- [Records drawn from a dataset]

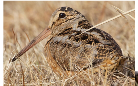
Woodcock Walk 3/18/23
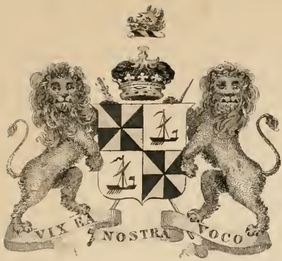
Campbell, Duke of Argyll.
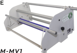
HPM-MV1 Manual Dispenser
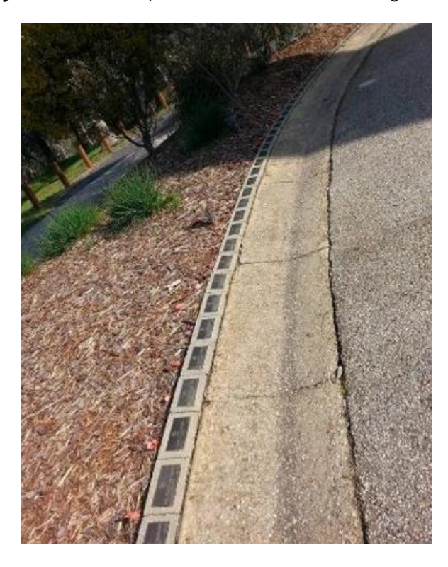
Individual Named Memorial Plaques
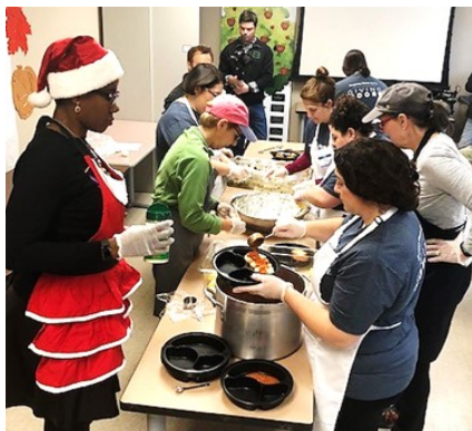
Employees from Benjamin Moore help to prepare home cooked meals.
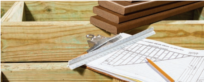
Vet Installation Practices
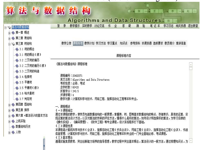
Fig 1 algorithms and data structures network course

Algorithms and data structures network curriculum use modern network programming techniques to build, which provides an open, interactive, flexible, rich cube teaching environment. Algorithms and data structures network course including Web, video teaching materials, algorithms animation, exercises, FAQ, notebook, homework, automatic test paper generation, auxiliary teaching books, teaching reference books, data structures development history and characters, which collect scientific knowledge and human education as a whole (as shown in Figure 1).
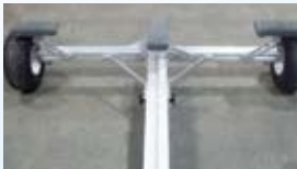
Inflatable kit option
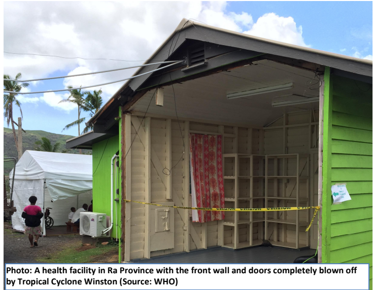
Photo: A health facility in Ra Province with the front wall and doors completely blown off by Tropical Cyclone Winston (Source: WHO)
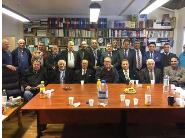
London Dialogue Forum Event, 22 April 2017

The purpose of this forum was for Iraqi academics, professionals and community activists in the UK to discuss some issues affecting Iraq, and to attempt to find suggested resolutions and recommendations to be sent to decision-makers in Iraq.

- [The task] Repeat only the lines from the one with "Fig 1 algorithms" through the end of the data, both included and exactly as written. Pictures stay out of the copy.

- [Answer to the problem]
Fig 1 algorithms and data structures network course

Algorithms and data structures network curriculum use modern network programming techniques to build, which provides an open, interactive, flexible, rich cube teaching environment. Algorithms and data structures network course including Web, video teaching materials, algorithms animation, exercises, FAQ, notebook, homework, automatic test paper generation, auxiliary teaching books, teaching reference books, data structures development history and characters, which collect scientific knowledge and human education as a whole (as shown in Figure 1).
Inflatable kit option
Photo: A health facility in Ra Province with the front wall and doors completely blown off by Tropical Cyclone Winston (Source: WHO)
London Dialogue Forum Event, 22 April 2017

The purpose of this forum was for Iraqi academics, professionals and community activists in the UK to discuss some issues affecting Iraq, and to attempt to find suggested resolutions and recommendations to be sent to decision-makers in Iraq.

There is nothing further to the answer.